### Work to complete
Every line from the first one in the data below through the line holding "The effect of" is to be written out exactly, with the pictures omitted.

### Data provided
⁂
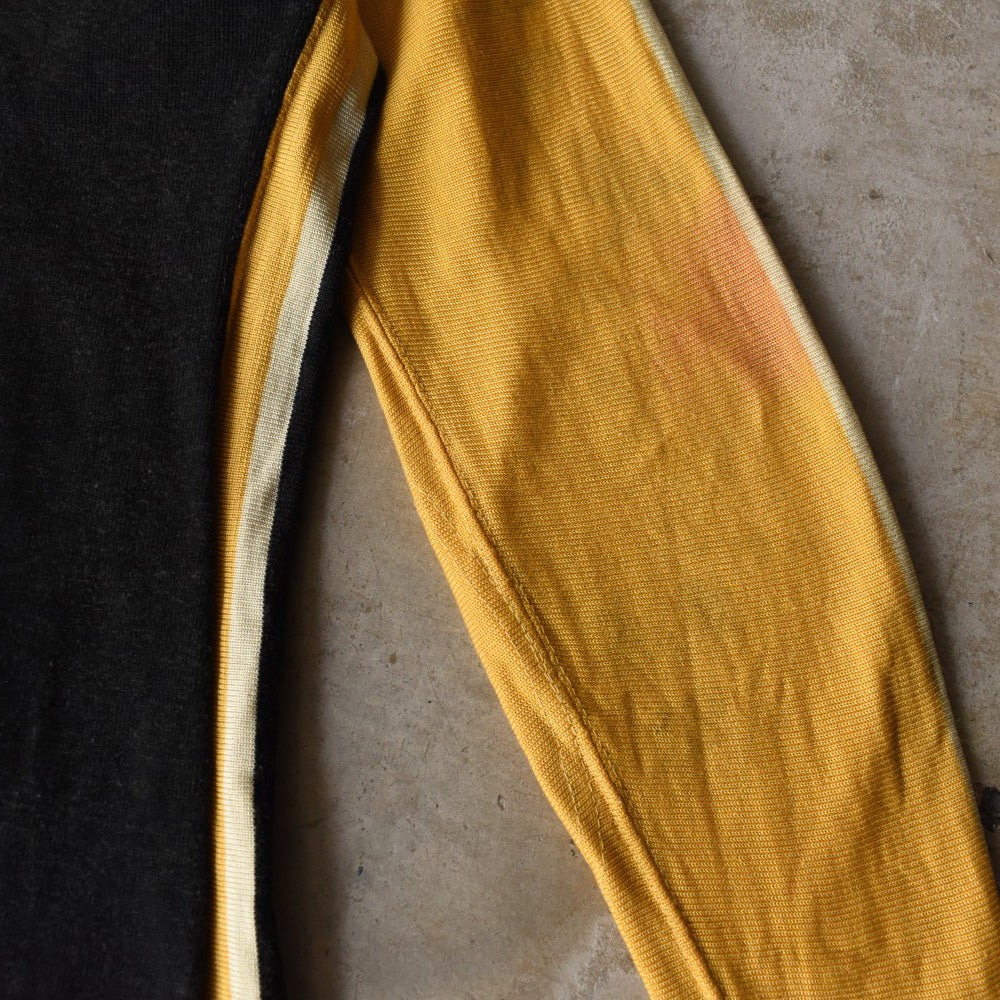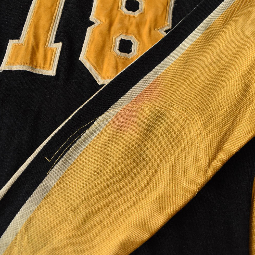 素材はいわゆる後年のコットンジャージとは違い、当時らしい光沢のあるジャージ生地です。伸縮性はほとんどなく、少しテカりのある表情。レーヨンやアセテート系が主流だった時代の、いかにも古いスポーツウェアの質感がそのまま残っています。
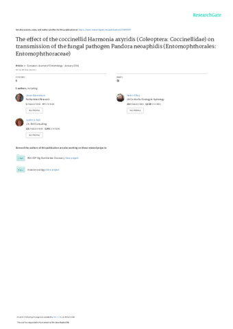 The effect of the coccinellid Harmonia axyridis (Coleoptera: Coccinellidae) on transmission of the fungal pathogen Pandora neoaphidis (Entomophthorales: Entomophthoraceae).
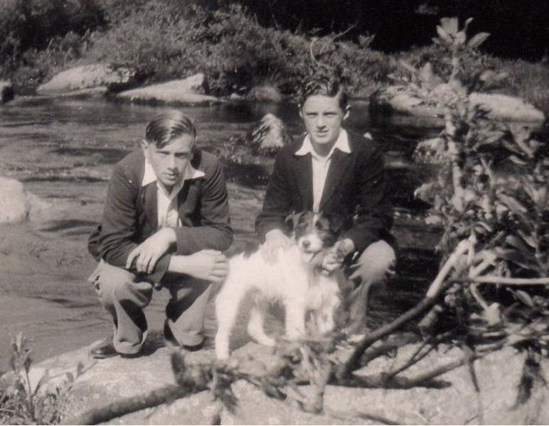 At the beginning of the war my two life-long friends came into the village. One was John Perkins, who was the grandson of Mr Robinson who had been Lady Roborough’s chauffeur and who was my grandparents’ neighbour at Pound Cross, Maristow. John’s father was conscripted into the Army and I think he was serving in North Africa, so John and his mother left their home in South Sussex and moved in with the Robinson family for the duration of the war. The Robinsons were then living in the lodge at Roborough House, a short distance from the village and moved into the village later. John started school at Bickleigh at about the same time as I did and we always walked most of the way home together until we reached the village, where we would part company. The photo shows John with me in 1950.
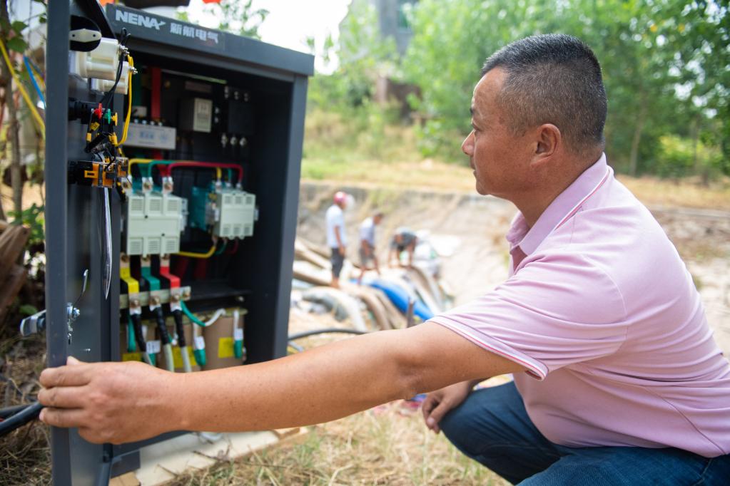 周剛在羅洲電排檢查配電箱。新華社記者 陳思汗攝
⁂
### Solution for this exercise
 素材はいわゆる後年のコットンジャージとは違い、当時らしい光沢のあるジャージ生地です。伸縮性はほとんどなく、少しテカりのある表情。レーヨンやアセテート系が主流だった時代の、いかにも古いスポーツウェアの質感がそのまま残っています。
 The effect of the coccinellid Harmonia axyridis (Coleoptera: Coccinellidae) on transmission of the fungal pathogen Pandora neoaphidis (Entomophthorales: Entomophthoraceae).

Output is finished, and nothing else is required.